Numerous original studies on subject gender with different pain stimuli have found lower pain threshold levels [8], [10], [11], [12], [13], [14], [15], [16], [17], [18], [19], [20] or higher pain intensity levels [7], [21], [22], [23] in females – recently confirmed in two reviews [1], [24], possibly reflecting physiological sex differences [21] or psychosocial factors [25] like gender-role expectations [26], [27] – whereas others have found no differences [5], [9], [13], [27], [28].

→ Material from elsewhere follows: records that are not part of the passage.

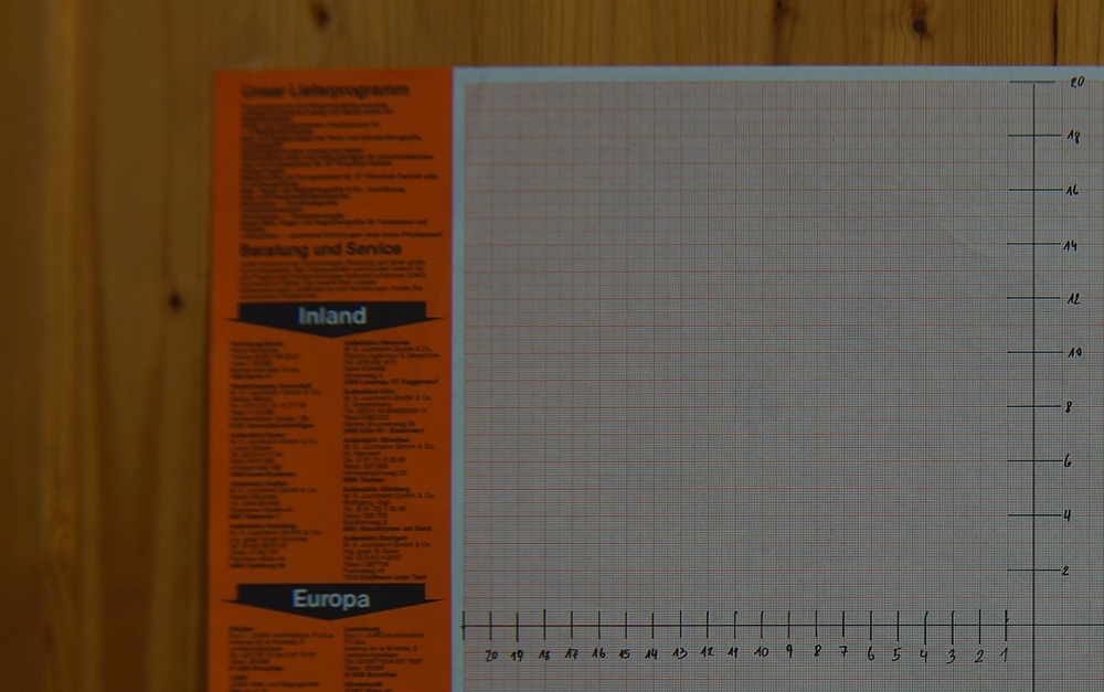 Blende eingebaut, offen, ein deutliche Brennweitenverkürzung ist sichtbar, Unschärfe am Rand wird heftig, Schärfezentrum wird etwas kleiner.
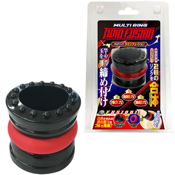 シリコン×エラストマーが合体(フュージョン)!締め付け感が超アップ!2種類のリングをシーンに合わせて自由に付け替え!それぞれ単体でも効果抜群!合体させれば潜在能力をフルで発揮!玉や竿を強力に締め付け、勃起力・射精力・持久力をUP!!攻守ともにスキのないパワー漲るZ級のアイテムをお届けします。
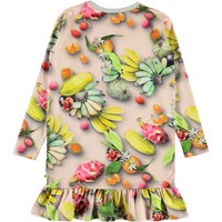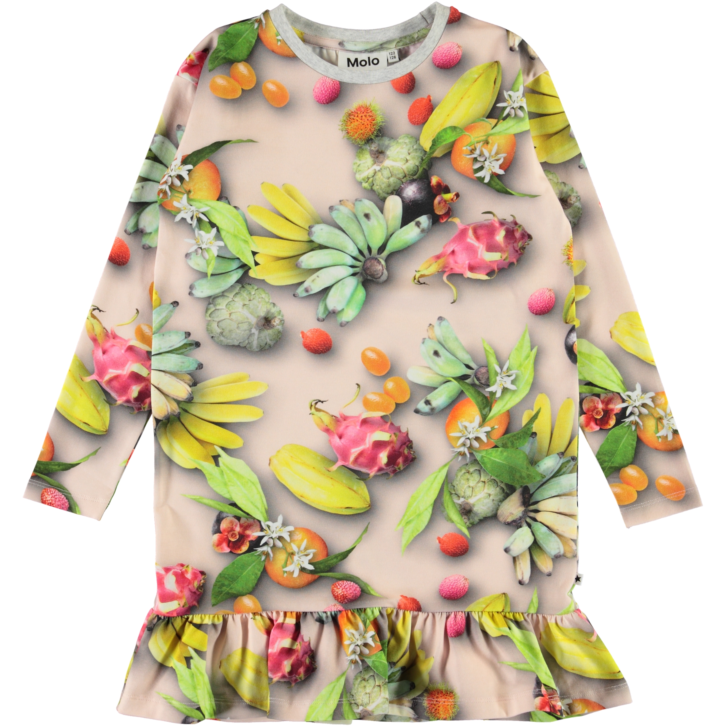 Caras er en kjole med lange ærmer og lille skørt i printet 'Tutti Frutti', som er fyldt med tropiske frugter.
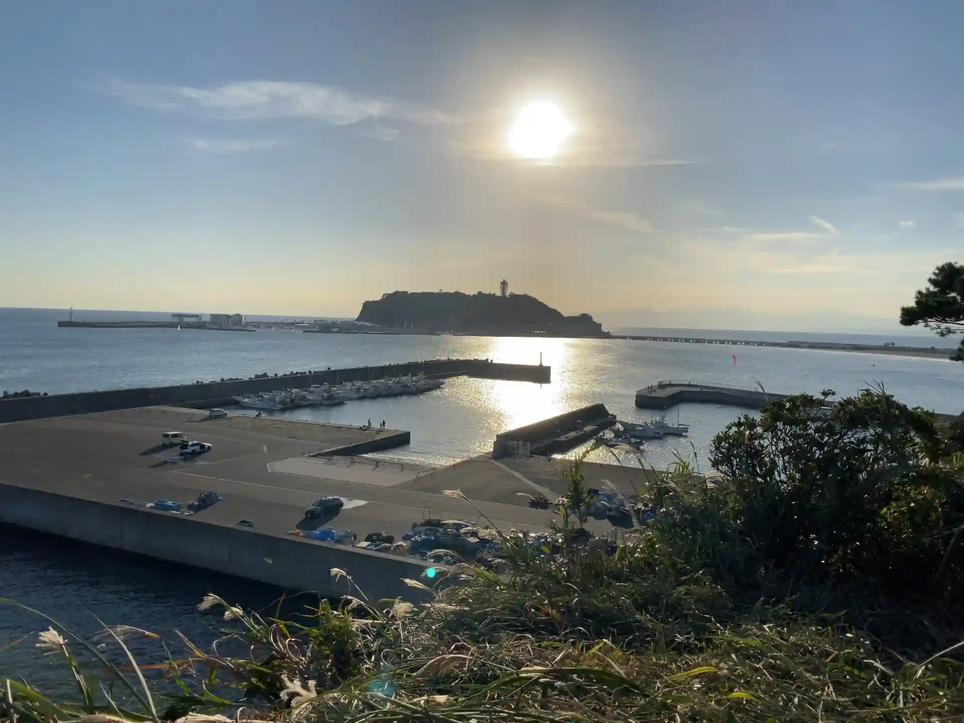 夕陽を浴びた江ノ島が目の前に。
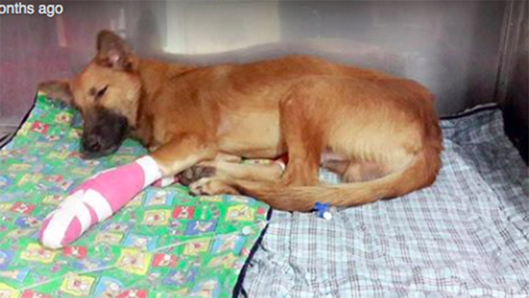 Művégtagokkal él tovább a kutya, akinek levágták a mellső lábait
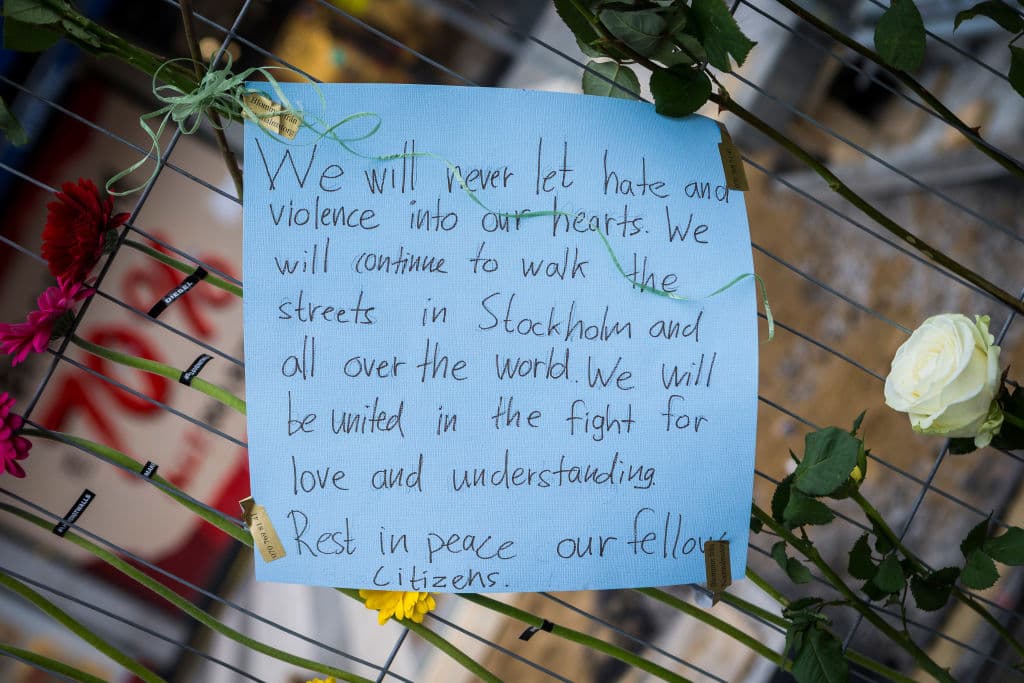Nunca dejaremos que el odio y la violencia entren a nuestros corazones. Seguiremos caminando por las calles de Estocolmo y del resto del mundo. No uniremos en la lucha por el amor y el entendimiento.

Based on available data in females and males evaluated by investigators of both genders [4], [5], [7], [17], [23], our main study hypothesis was that evaluations by female investigators result in higher pain threshold levels and/or lower pain intensity levels than evaluations by male investigators. Our second study hypothesis was that females have lower pain threshold levels and/or report higher pain intensity levels than males regardless of investigator gender.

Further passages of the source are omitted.